Die Widerklage sei abzuweisen, nachdem der unstreitige Anspruch der Beklagten auf Zahlung von 61.939,78 EUR gemäß § 389 BGB durch die erklärte Aufrechnung des Klägers mit einem erstrangigen Teilbetrag des Anspruchs auf Zahlung von Handelsvertreterausgleich erloschen sei.
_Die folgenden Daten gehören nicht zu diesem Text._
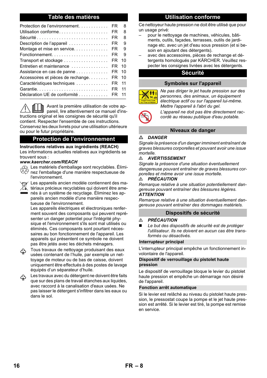Table des matières Protection de l’environnement... Utilisation conforme... Sécurité ... Description de l’appareil ... Montage et mise en service... Fonctionnement... Transport et stockage ... Entretien et maintenance ... Assistance en cas de panne ... Accessoires et pièces de rechange... Caractéristiques techniques ... Garantie... Déclaration UE de conformité ... Ce nettoyeur haute pression ne doit être utilisé que pour un usage privé: – pour le nettoyage de machines, véhicules, bâtiments, outils, façades, terrasses, outils de jardinage etc. avec un jet d'eau sous pression (et si besoin en ajoutant des détergents). – avec des accessoires, pièces de rechange et détergents homologués par KÄRCHER. Veuillez respecter les consignes livrées avec les détergents. Sécurité Symboles sur l'appareil Ne pas diriger le jet haute pression sur des personnes, des animaux, un équipement électrique actif ou sur l'appareil lui-même. Mettre l'appareil à l'abri du gel. L'appareil ne doit pas être directement raccordé au réseau publique d'eau potable. Avant la première utilisation de votre appareil, lire attentivement ce manuel d'instructions original et les consignes de sécurité qu'il contient. Respecter l'ensemble de ces instructions. Conservez les deux livrets pour une utilisation ultérieure ou pour le futur propriétaire. Protection de l’environnement Instructions relatives aux ingrédients (REACH) Les informations actuelles relatives aux ingrédients se trouvent sous : www.kaercher.com/REACH Les matériels d'emballage sont recyclables. Éliminez l'emballage d'une manière respectueuse de l'environnement. Les appareils ancien modèle contiennent des matériaux précieux recyclables qui doivent être amenés à un système de recyclage. Éliminez les appareils ancien modèle d'une manière respectueuse de l'environnement. Les appareils électriques et électroniques renferment souvent des composants qui peuvent représenter un danger potentiel pour l'intégrité physique et l'environnement s'ils sont mal utilisés ou éliminés. Ces composants sont pourtant nécessaires au bon fonctionnement de l'appareil. Les appareils qui présentent ce symbole ne doivent pas être jetés avec les déchets ménagers. Tous travaux de nettoyage produisant des eaux usées contenant de l’huile, par exemple un nettoyage de moteur ou de bas de caisse, doivent uniquement être effectués à des postes de lavage équipés d’un séparateur d’huile. Les travaux avec du détergent ne doivent être faits que sur des plans de travail étanches aux liquides, avec raccord à la canalisation d'eaux usées. Ne pas laisser le détergent s'infiltrer dans les eaux ou dans le sol.

Soweit die Beklagte sich gegen die Verurteilung zur Zahlung von Schadensersatz in Höhe von 10.000 EUR nebst Zinsen wendet, ist die Revision unzulässig. Insoweit ist eine Zulassung der Revision weder durch das Berufungsgericht noch - auf die vorsorglich eingelegte Beschwerde der Beklagten gegen die Nichtzulassung - durch den Senat erfolgt (§ 543 Abs. 1 Nr. 1, 2 ZPO).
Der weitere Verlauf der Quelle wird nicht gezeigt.